Now, at the age of 55, I have had this question numerous times during my travels (most notably in Asia) and it does get a bit tiresome. Here in India, you are considered “peculiar” to be my age and not married – well, in the heterosexual sense of the word anyway. So, when he asked if I was married, I said:
“Well, yes, I was married once, yes indeed, but divorced now. My wife was Jane Doe, You must have heard of her, as she is well known actress.”
He said: “No sir, I’m sorry, I have not.”
“She was in that famous movie, The Girl with the Regretted Tattoo. Based on the best- selling book.”
Sitting beside me in the back seat of the car, Ross
shot me a disapproving frown. I shrugged back. Anyway, we were being sucked into an imminent vortex of motorcycles, tuk tuks and cows and that drew the attention of our driver and the topic fell away.
So, let’s talk food. Everything we have been eating has been fantastic. Light-years ahead of what we get served at Indian eateries in Australia. Highlights so far have included wonderfully delicious chicken curries, and even exquisite vegetarian curries (I could easily go vego here the whole time), and all sorts of rich chutneys and sauces. Ross had a banana lassi yesterday (the famous Indian yoghurty drink), while I fell in love with gulab jamun, a sweet dessert the size and shape of a golf ball. A few nights ago we also had our first thalis.
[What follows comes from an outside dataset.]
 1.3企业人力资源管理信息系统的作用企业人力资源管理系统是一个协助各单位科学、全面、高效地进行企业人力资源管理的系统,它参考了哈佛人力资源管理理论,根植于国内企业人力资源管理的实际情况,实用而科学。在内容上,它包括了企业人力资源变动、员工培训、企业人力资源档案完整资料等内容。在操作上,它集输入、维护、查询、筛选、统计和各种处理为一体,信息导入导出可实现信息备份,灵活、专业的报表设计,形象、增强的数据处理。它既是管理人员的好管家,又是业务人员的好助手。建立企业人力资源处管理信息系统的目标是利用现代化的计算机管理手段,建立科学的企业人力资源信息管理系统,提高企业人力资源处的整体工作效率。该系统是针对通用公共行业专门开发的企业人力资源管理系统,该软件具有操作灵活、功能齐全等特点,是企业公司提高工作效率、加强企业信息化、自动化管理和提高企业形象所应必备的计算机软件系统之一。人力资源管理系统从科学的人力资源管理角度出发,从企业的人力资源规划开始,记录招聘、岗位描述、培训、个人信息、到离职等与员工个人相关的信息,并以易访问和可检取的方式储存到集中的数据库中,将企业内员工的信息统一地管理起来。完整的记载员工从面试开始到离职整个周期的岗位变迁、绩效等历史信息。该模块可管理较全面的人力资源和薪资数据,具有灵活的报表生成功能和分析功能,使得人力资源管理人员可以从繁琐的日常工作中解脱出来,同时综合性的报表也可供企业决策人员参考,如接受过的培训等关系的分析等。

A thali is a circular tray holding an array of small bowls of different things – maybe a coconut curry, a dahl curry, a spicy chicken mix, perhaps a rich veg curry, some paneer (cheese) in spinach sauce, some chutneys and some chapati bread in the centre for breaking off and dipping in the bowls. It was all delicious. Even the pappadums here are lovely – dusted with
pepper and chilli. Yesterday after coming back from Chittorgarh Fort, our driver said we should stop for lunch and he pulled into a less than appealing looking place. Dusty, with dogs asleep out the front and faded plastic chairs. We both ordered the stuffed capsicum and a Kingfisher beer. Well, the stuffed capsicum was divine! It was just wonderful, and for the princely sum or about AUD$2 each !!
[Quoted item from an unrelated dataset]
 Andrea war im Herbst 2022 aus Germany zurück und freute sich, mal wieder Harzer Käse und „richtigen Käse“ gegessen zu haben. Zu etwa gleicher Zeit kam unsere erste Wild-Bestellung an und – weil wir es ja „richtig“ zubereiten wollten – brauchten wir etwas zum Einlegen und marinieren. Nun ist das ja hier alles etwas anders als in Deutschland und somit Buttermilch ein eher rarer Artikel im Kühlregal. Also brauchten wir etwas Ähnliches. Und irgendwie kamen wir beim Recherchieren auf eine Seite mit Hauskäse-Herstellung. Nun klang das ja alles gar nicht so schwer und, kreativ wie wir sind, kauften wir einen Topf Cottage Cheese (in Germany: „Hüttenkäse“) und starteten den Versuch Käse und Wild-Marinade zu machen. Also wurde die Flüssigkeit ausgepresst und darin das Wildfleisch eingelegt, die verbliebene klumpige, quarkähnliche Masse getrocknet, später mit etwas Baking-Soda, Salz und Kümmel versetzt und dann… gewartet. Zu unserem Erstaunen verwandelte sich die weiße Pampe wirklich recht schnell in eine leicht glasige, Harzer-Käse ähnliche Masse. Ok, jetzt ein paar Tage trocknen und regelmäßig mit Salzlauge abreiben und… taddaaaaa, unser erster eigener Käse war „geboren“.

A summary of our first five days: Fabulous. Udaipur was terrific and we were reluctant to leave. Yes, there are crowds and noise and dirty streets, but to me this is part of the experience. Plus, just around the corner is a divine and quiet restaurant or a glorious temple, fort or palace. The people have all been exceptionally warm and friendly and we feel safe on the streets day or night – so long as we side step those motorbikes or tuk tuks zooming past. The pros far outweigh the cons - well, so far, for us anyway. I guess we are enjoying it so much because it is so very different from anywhere we have ever been before.
So, if you come to India, you simply must
see Udaipur. Our next stop- via a car and driver -is the “blue city” of Jodhpur. (Inter-city cabs are easy and not overly expensive here.)
Love, Craig (and Ross).
P.S. all the photos here in the text and also below are from Udaipur or Chittorgarh fort. I haven’t bothered labeling most of them. Remember, you can click to enlarge individual photos, then scroll through them.